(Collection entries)
-------------------------

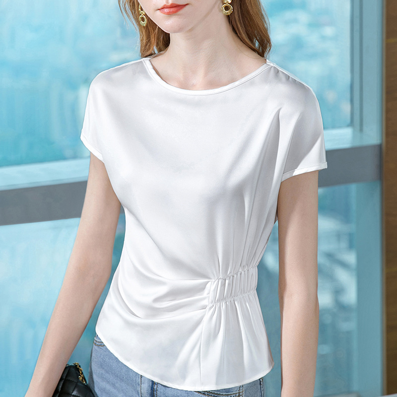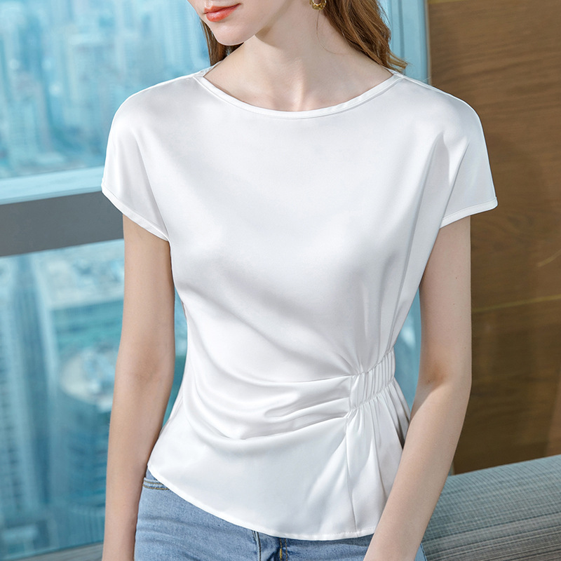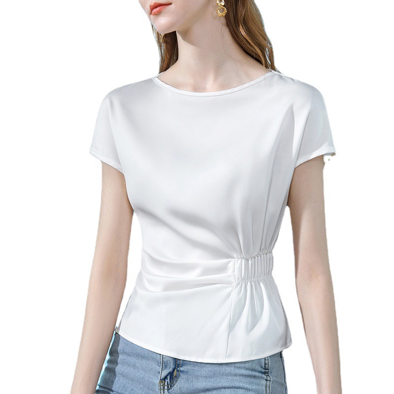 | nameOriginal | Short-sleeved chiffon shirt women's summer 2024 latest women's high-end silky satin blouse French pleated waist top |
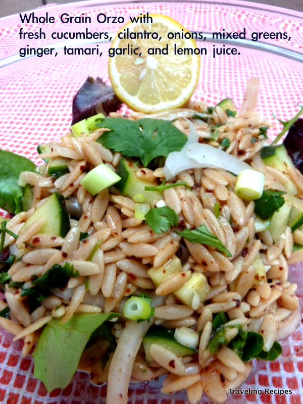 4) Drain orzo, add cilantro, cucumbers, onions, tamari (or amino liquids), squirt sriracha, 1 tsp peanut butter, and some lime juice. Stir together and set aside.
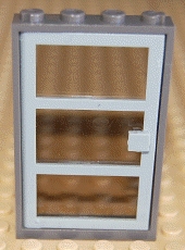 Door, Frame 1 x 4 x 6 with 4 Holes on Top and Bottom with Light Gray Door with 3 Panes and Square Handle with Fixed Trans-Brown Glass (30179 / x39c02)
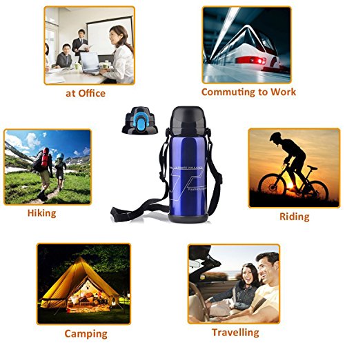 Travel Mug Stainless Steel Hiking Water Bottle Climbing Flask Keep Hot Cold Outdoor Coffee Thermos-27oz/800ml Blue
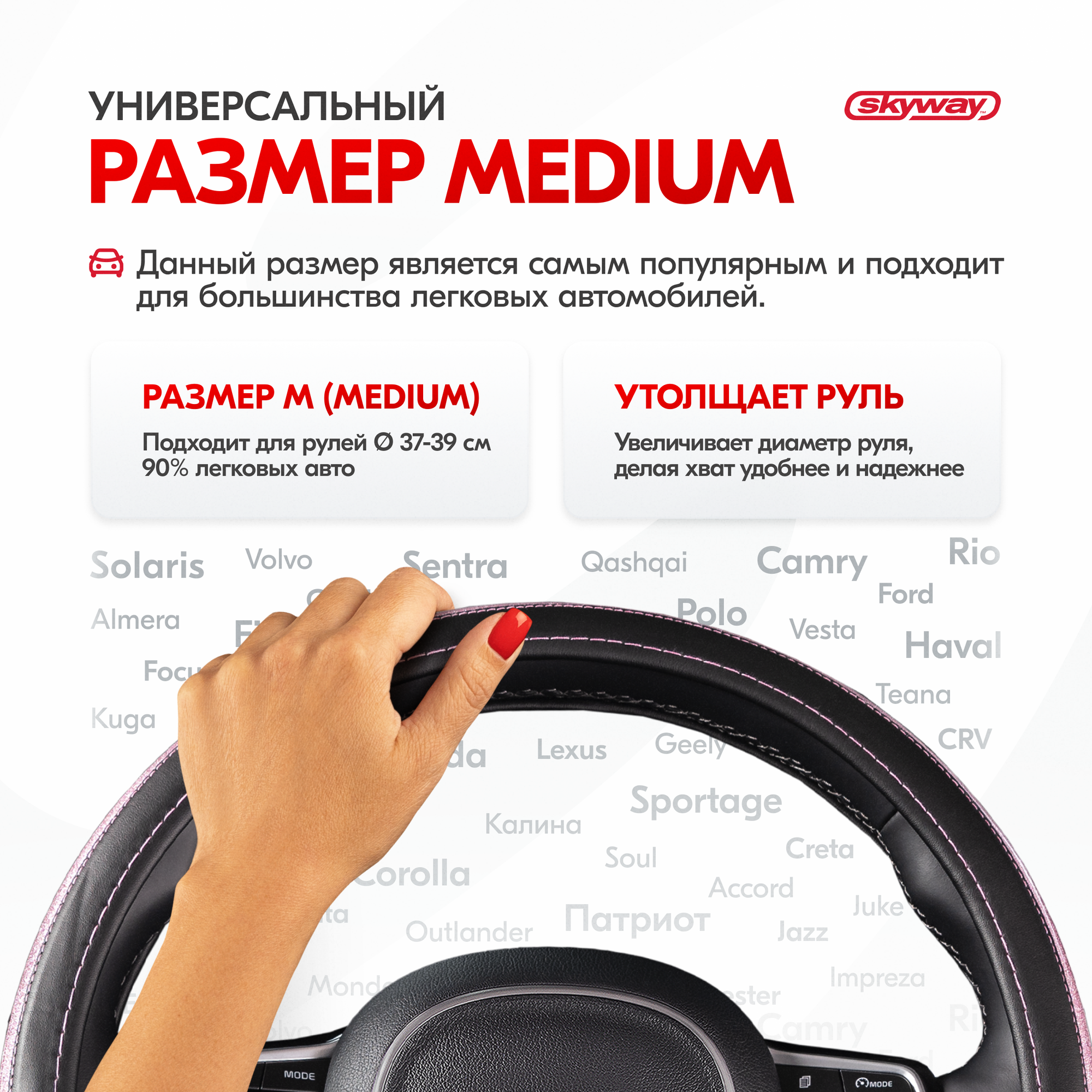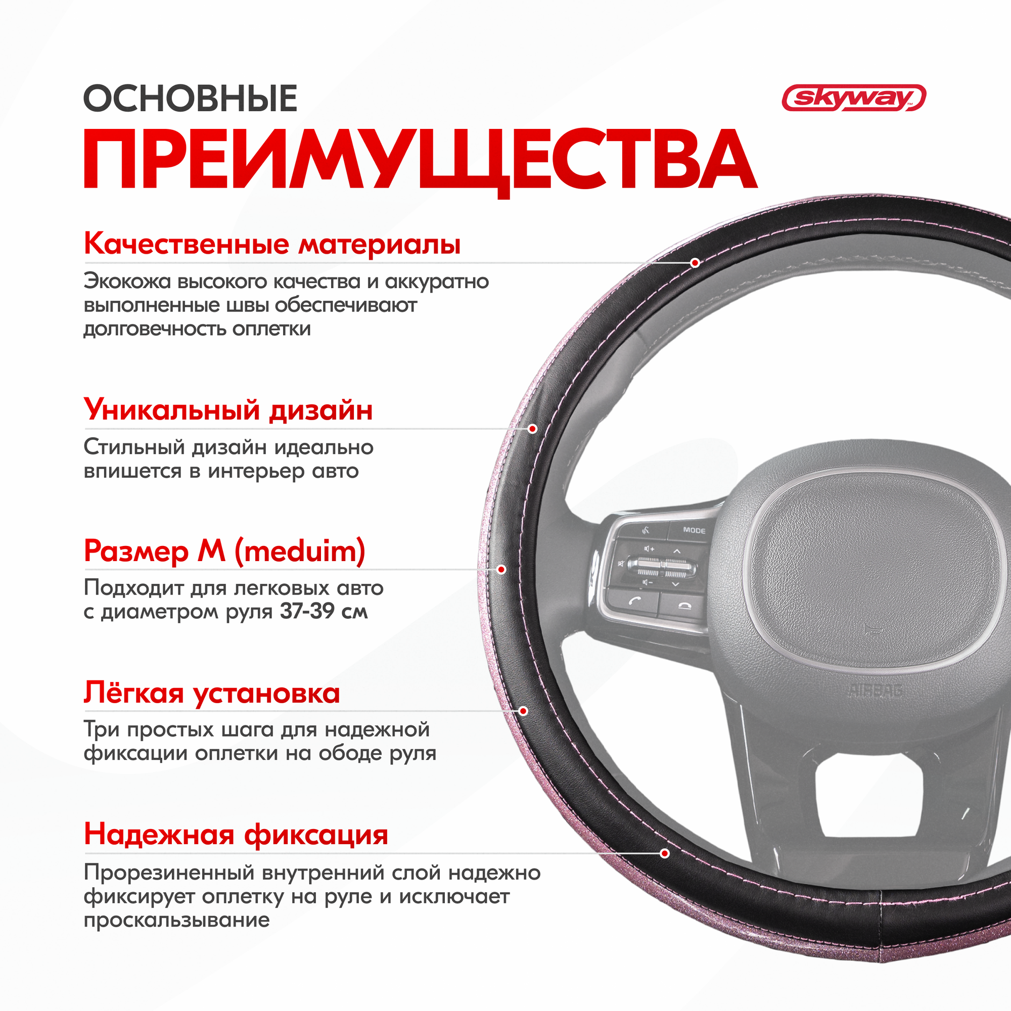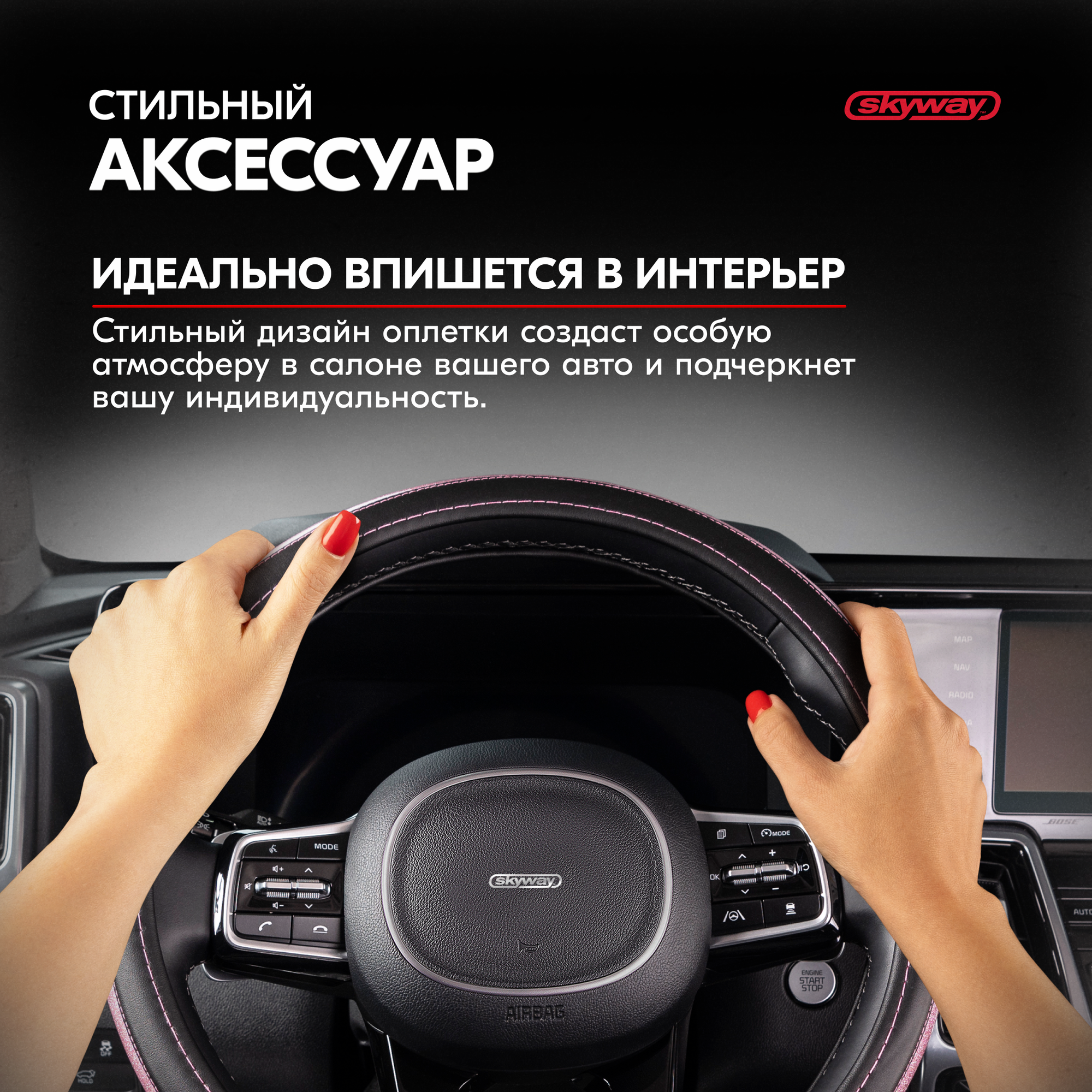 СохранитьОплетка на руль Luxury-7 SKYWAY M (37-39) черный; розовый экокожа, S01102437 интересное:

-------------------------

Exercise → The data above must be written out again without alteration, and the pictures in them must be excluded.

Response area →
 | nameOriginal | Short-sleeved chiffon shirt women's summer 2024 latest women's high-end silky satin blouse French pleated waist top |
 4) Drain orzo, add cilantro, cucumbers, onions, tamari (or amino liquids), squirt sriracha, 1 tsp peanut butter, and some lime juice. Stir together and set aside.
 Door, Frame 1 x 4 x 6 with 4 Holes on Top and Bottom with Light Gray Door with 3 Panes and Square Handle with Fixed Trans-Brown Glass (30179 / x39c02)
 Travel Mug Stainless Steel Hiking Water Bottle Climbing Flask Keep Hot Cold Outdoor Coffee Thermos-27oz/800ml Blue
 СохранитьОплетка на руль Luxury-7 SKYWAY M (37-39) черный; розовый экокожа, S01102437 интересное:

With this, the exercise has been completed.